A survey of AI detection tools and research on the use of the tools has found that in many cases, the tools are so flawed that students can use AI to avoid learning, and academic staff cannot take effective action.
Charles Sturt University Associate Professor Mark A. Bassett has produced a paper arguing that AI text detectors in education are fundamentally unfit for purpose, with misleading metrics and unverifiable outputs.
“Their use is often procedurally unfair,” A/Prof Bassett states.
“The paper highlights the risk of confirmation bias, arbitrary suspicion, and inequitable impacts, especially on students without access to high-end AI tools. I believe it is time we abandoned reliance on flawed detection tools and instead reform assessments to make unauthorised AI use less viable.”
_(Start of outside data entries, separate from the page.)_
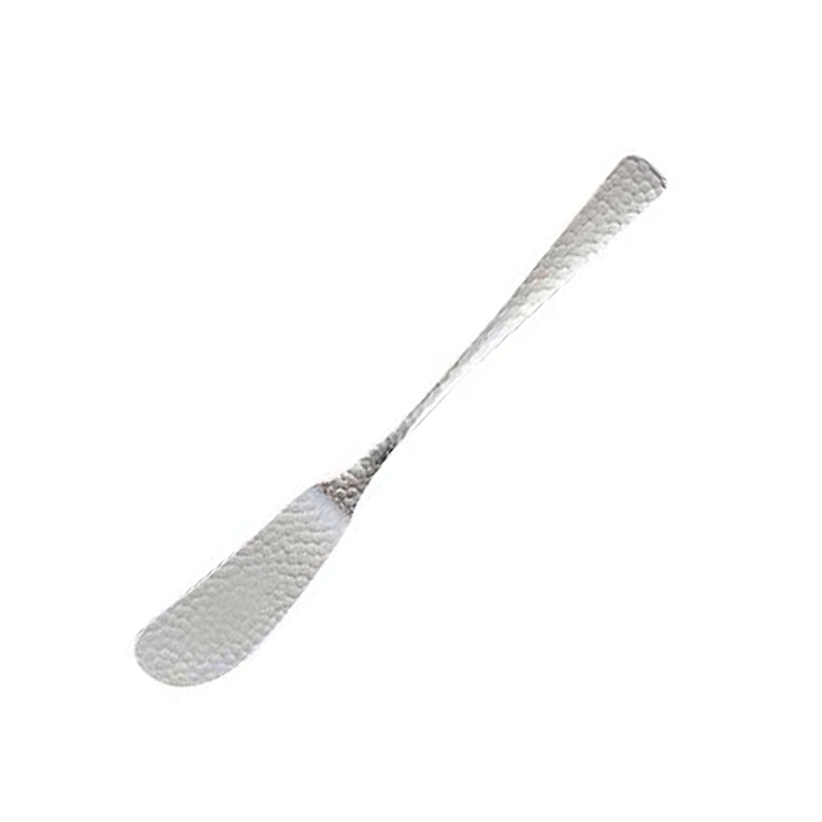 ステンレス素材に施した槌目模様が、光をやわらかく反射するバタースプレターです。無機質になりがちな金属に、手仕事の温もりを感じさせる表情をプラスしました。和洋どちらの食卓にも自然になじむ、上品な一本です。
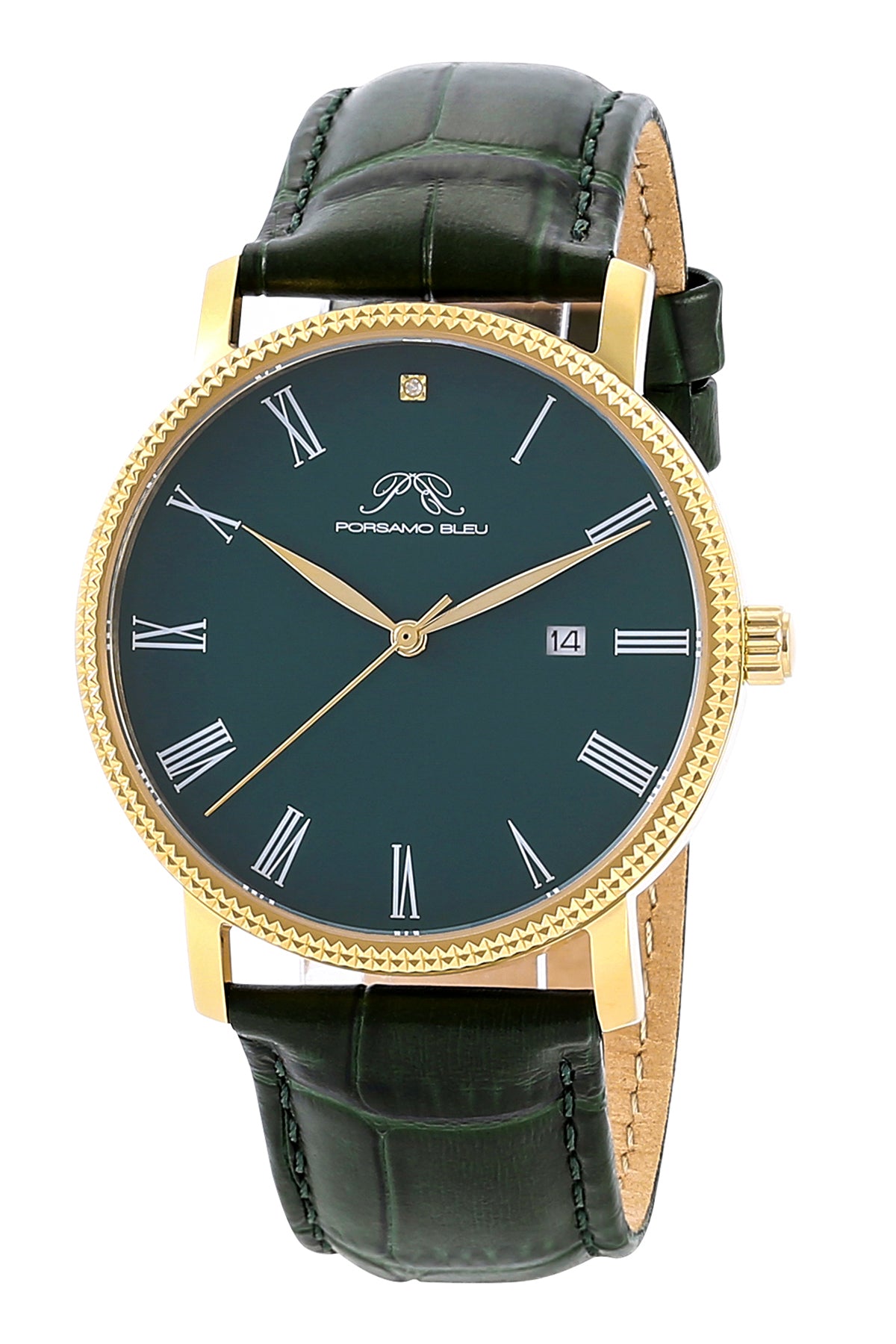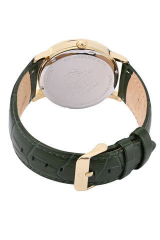 Porsamo Bleu Veritas1 Luxury Men's Diamond Watch Genuine Leather Band, Gold Tone, Green 1361JVEL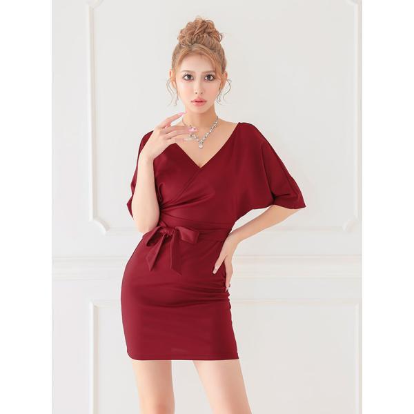 キャバドレス キャバ ドレス 袖あり 五分袖 シンプル ワンカラー タイト 膝丈ドレス Vネック ウエストリボン 激安 激安ドレス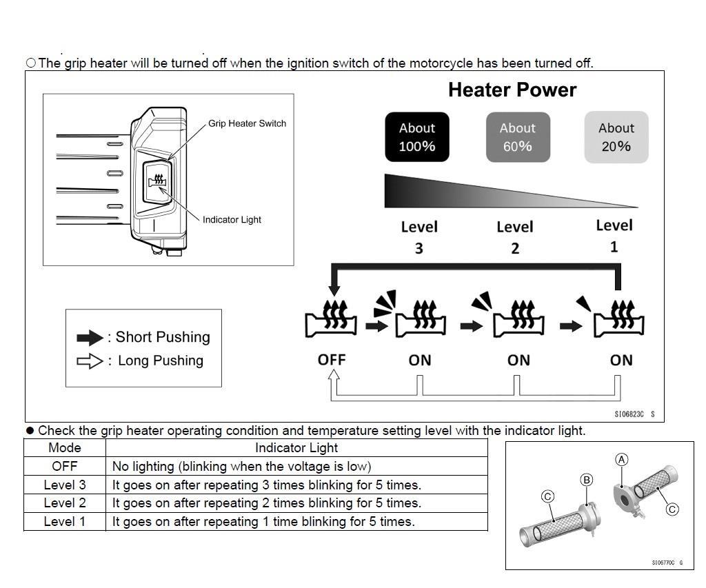 There is an automatic battery saver function. If the battery voltage drops while using the grip heater, the grip heater turns off and the indicator light blinks.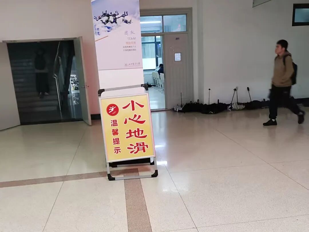 物业管理中心工作人员在楼宇门前铺设防滑垫、放置“小心地滑”警示牌,及时组织力量清理地下室渗漏雨水、屋顶雨水,提高了公共区域的保洁频率,确保师生在楼内有一个干爽、清洁、安全的环境。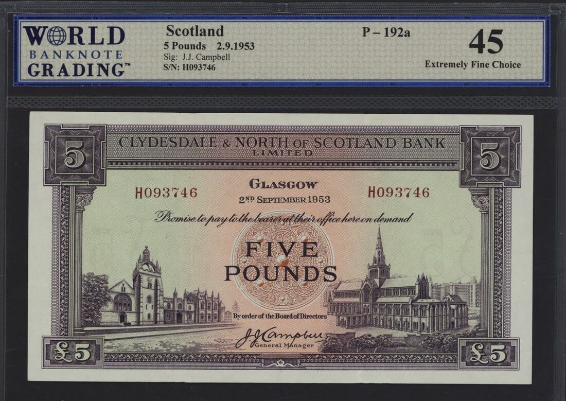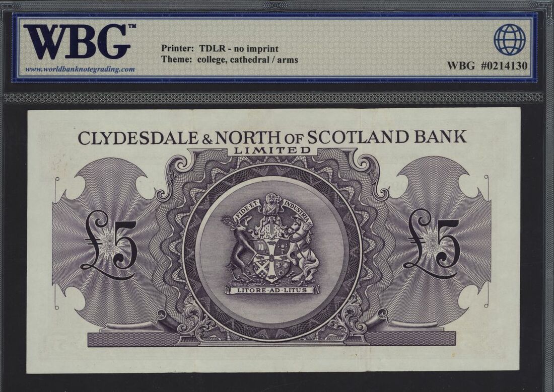 (x) Clydesdale & North of Scotland Bank, £5, 2 September 1953, serial number H093746, (PMS CL25a, Pick 192a), in WBG holder 45 Extremely Fine Choice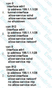 Refer to the exhibit. An engineer is enabling command line access via MPLS for in-band management. Which command completes the partial SD-WAN interface configuration with the highest degree of security?
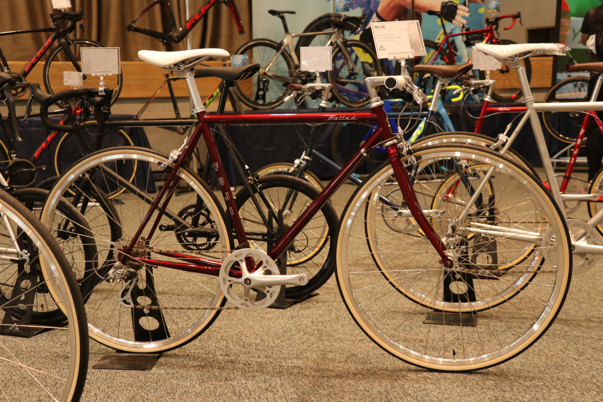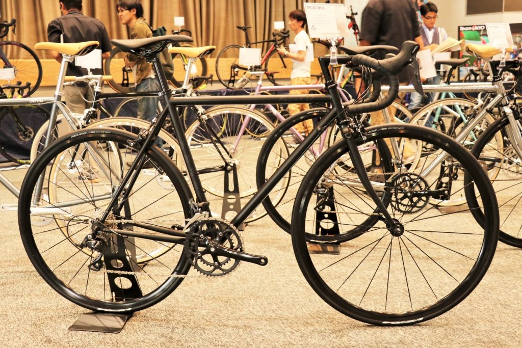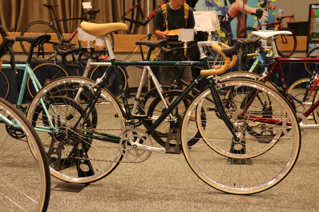 シンプルでスタイリッシュなクロモリフレーム採用のロングセラーロードモデル「フジ バラッド」をブラックパーツで構成。されクール&スタイリッシュな雰囲気を持つ一台。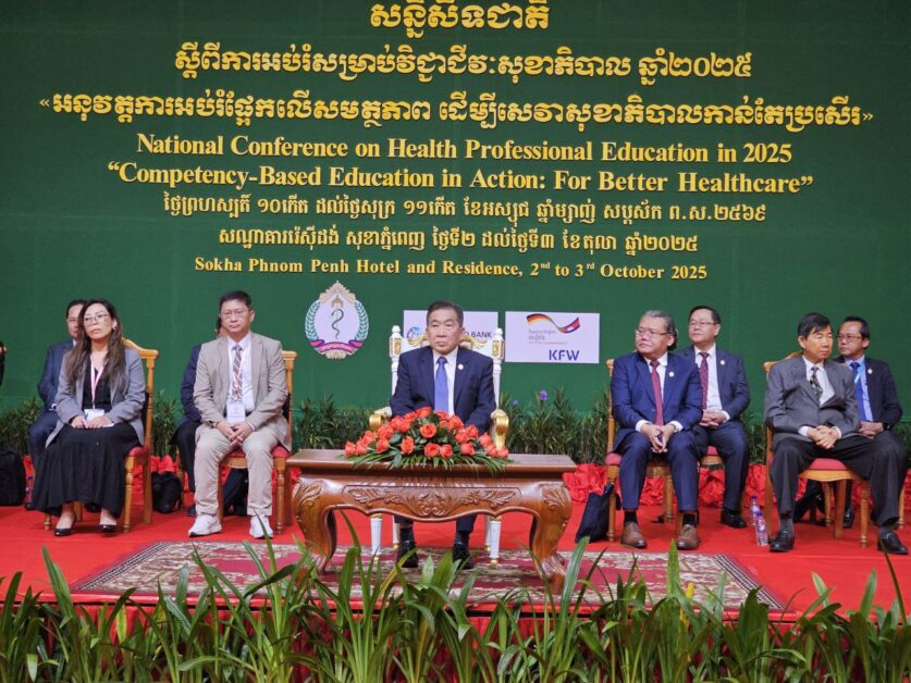 ភ្នំពេញ៖ នៅព្រឹកថ្ងៃទី ០២ ខែតុលា ឆ្នាំ២០២៥ ក្រសួងសុខាភិបាលក្រោមការឧបត្ថម្ភពីគម្រោងពង្រឹង ប្រព័ន្ធអប់រំមុនបម្រើការងារសម្រាប់មន្ត្រីសុខាភិបាល ដោយមានការគាំទ្រពីធនាគារពិភពលោក និង KFW បានរៀបចំសន្និសិទជាតិ ស្ដីពីសន្និសីទជាតិស្តីពីការអប់រំសម្រាប់វិជ្ជាជីវៈសុខាភិបាល ក្រោមប្រធានបទពង្រឹងការអប់រំវិជ្ជាជីវៈសុខាភិបាលដើម្បីសេវាថែទាំសុខភាពកាន់តែប្រសើរ ដោយមានវត្តមានអញ្ជើញចូលរួមពីសំណាក់ថ្នាក់ដឹកនាំក្រសួងសុខាភិបាល, វាគ្មិនជាតិ, វាគ្មិនអន្តរជាតិអញ្ជើញមកពីប្រទេសអូស្រ្តាលី សឹង្ហបុរី ហ្វីលីពីន និងឥណ្ឌូនេស៊ី,អ្នកសម្របសម្រួលជាតិ-អន្តរជាតិ, នាយកដ្ឋានចំណុះក្រសួងសុខាភិបាល, មជ្ឈមណ្ឌលជាតិ, មន្ទីរពេទ្យជាតិ, មន្ទីរសុខាភិបាលរាជធានីខេត្ត, សាលាមធ្យមសិក្សាសុខាភិបាលភូមិភាគទាំង៤, សាកលវិទ្យាល័យវិទ្យាសាស្ត្រ សុខាភិបាល, គ្រឹះស្ថានបណ្តុះបណ្តាលវិស័យសុខាភិបាលឯកជន, គណៈវិជ្ជាជីវៈ, សមាគមវិជ្ជាជីវៈសុខាភិបាល និង, ដៃគូអភិវឌ្ឍន៍ សរុបជាង៣០០នាក់ នៅសណ្ឋាគារសុខារ៉េស៊ីដង់ រាជធានីភ្នំពេញ។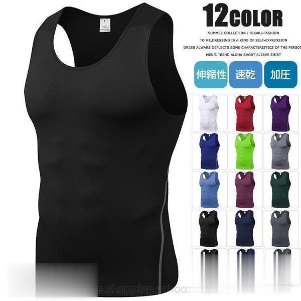 タンクトップ メンズ コンプレッションウェア スポーツ アンダーシャツ 加圧シャツ ノースリーブ バスケ ジム 伸縮性 速乾 父の日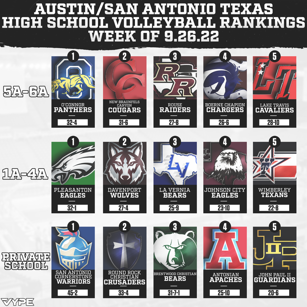 Private School: 4 of the 5 schools stay the same with arguably the best team in the state at the Number 1 spot. John Paul II replaces Hill Country School of Austin to jump back in after being out the last few weeks.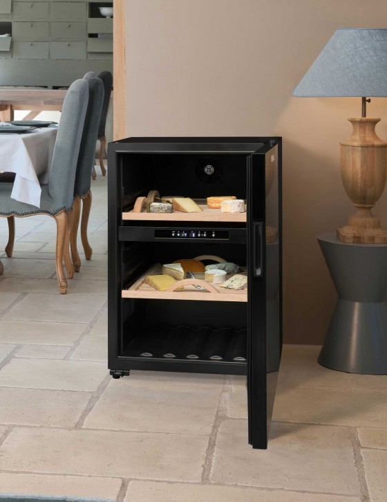 Шкаф для хранения сыра La Sommeliere CAF52 имеет две температурные зоны (объём верхней зоны - 70 л, объём нижней зоны - 98 л), что дает возможность правильно хранить сыры разных сортов.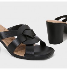 نعال مريح بتصميم أنيق، ذو كعب 6 سم، مقدمة مربعة على شكل شرائط متداخلة، متوفر بألوان يمكن تنسيقها مع خيارات مختلفة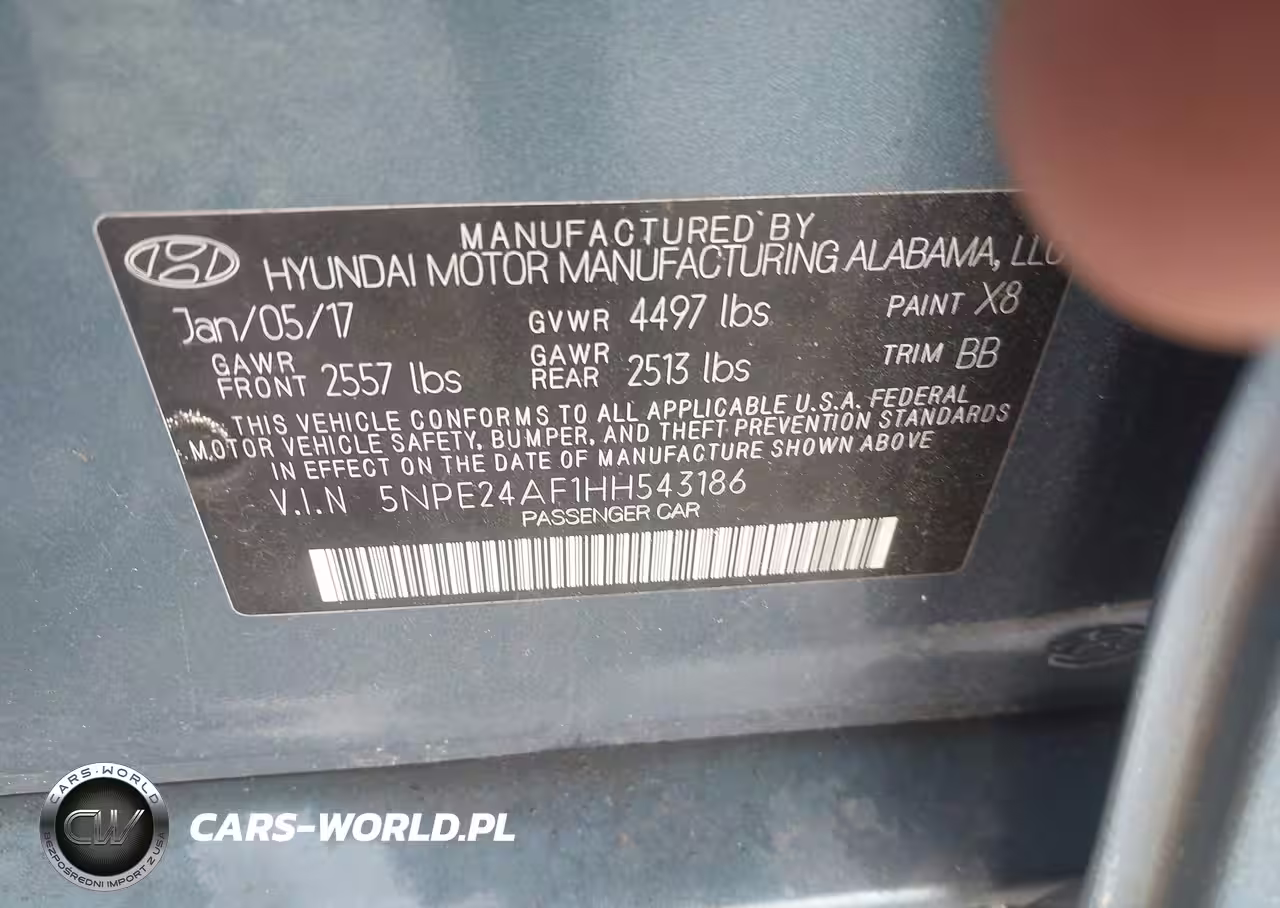 IAAI Nr: I-44530038 VIN: 5NPE24AF1HH543186 Port: Savannah, GA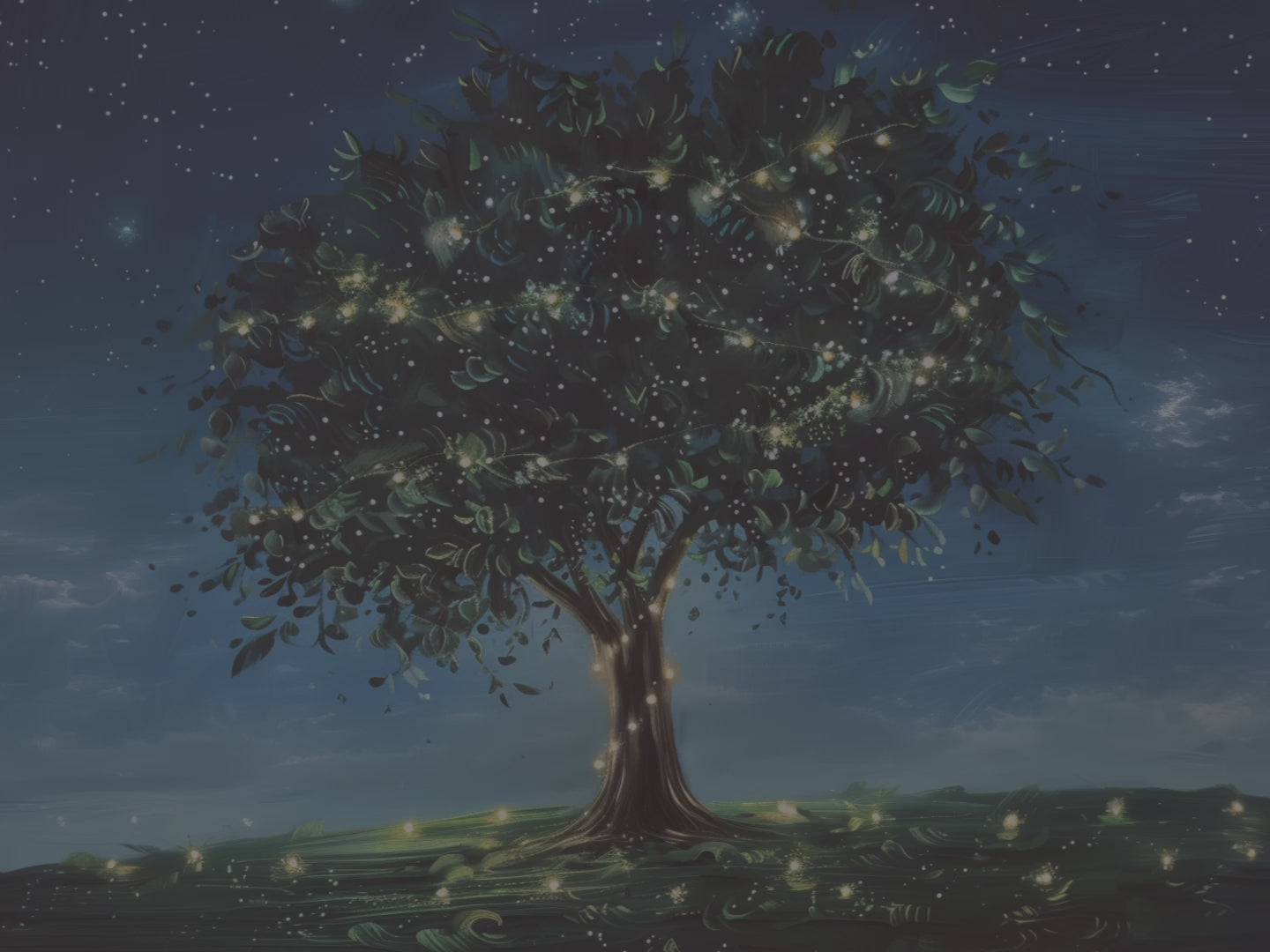 Halten Sie Ihre Gedanken in diesem Hardcover-Notizbuch mit Glühwürmchenbaum-Motiv fest. Ein leuchtender Baum, erstrahlt im Schein schwebender Glühwürmchen unter einem tiefblauen, sternenklaren Nachthimmel, schafft eine ruhige, magische Atmosphäre, in der sanftes Licht durch üppiges Laub fällt und zarte Funken über den Boden schweben.
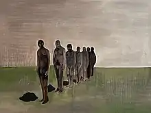 Davis became known, for his melancholic portrayals of blurred black figures against barren or shadowy landscapes - paintings that often teetered dangerously into the unreal.[6] During his life he made approximately around four hundred paintings, collages, and sculptures. His paintings are both figurative and abstract, realistic and dreamlike; they are about blackness and the history of Western painting, drawn from photographs and from life; they are energetic and mournful in their palette.[7] "He paints what he sees and thinks, expressing the dynamics of his subject with great dignity and simplicity."[8] Davis had advanced compositions that rendered three dimensional but remained flat.[7] He was influenced by European painters Marlene Dumas and Luc Tuymans, as well as American painters such as Mark Rothko and Fairfield Porter.

The paper pulls together insights from a range of research analysing AI detection tools, finding that deficiencies in current approaches can be inequitable to students. A/Prof Bassett points out that comparisons of students’ work is often based on flawed or dated models of what student work should look like without AI
Feeding a student’s work into a GenAI tool may breach the student's IP rights and relies on staff trusting denials or verification of authorship by the tools – effectively putting AI in charge of policing itself with some human intermediaries.
“Getting hit by a car when crossing the road after reading a horoscope that warned you to “tread carefully today” doesn’t legitimise astrology. Likewise, when a student admits to using GenAI, it doesn't corroborate the results of an AI detector.”
“Simply telling a student that an AI detector has flagged their work as partially or entirely AI-written is problematic. Students don’t know the litany of issues outlined above and likely think that a positive AI detector result constitutes evidence against them (it does not).
“Doesn’t this all mean that, in many cases, students can use AI to avoid learning, and we can’t take action? Yes.
“This shouldn’t come as a surprise. It’s the underlying reason why Australia’s Higher Education regulator, the Tertiary Education, Quality and Standards Agency (TEQSA), issued a Request for Information (RFI) to all Australian Higher Education providers asking them how they are responding to the risks (and opportunities) posed by GenAI. If AI detectors worked, it’s arguable that TEQSA would never have issued an RFI.”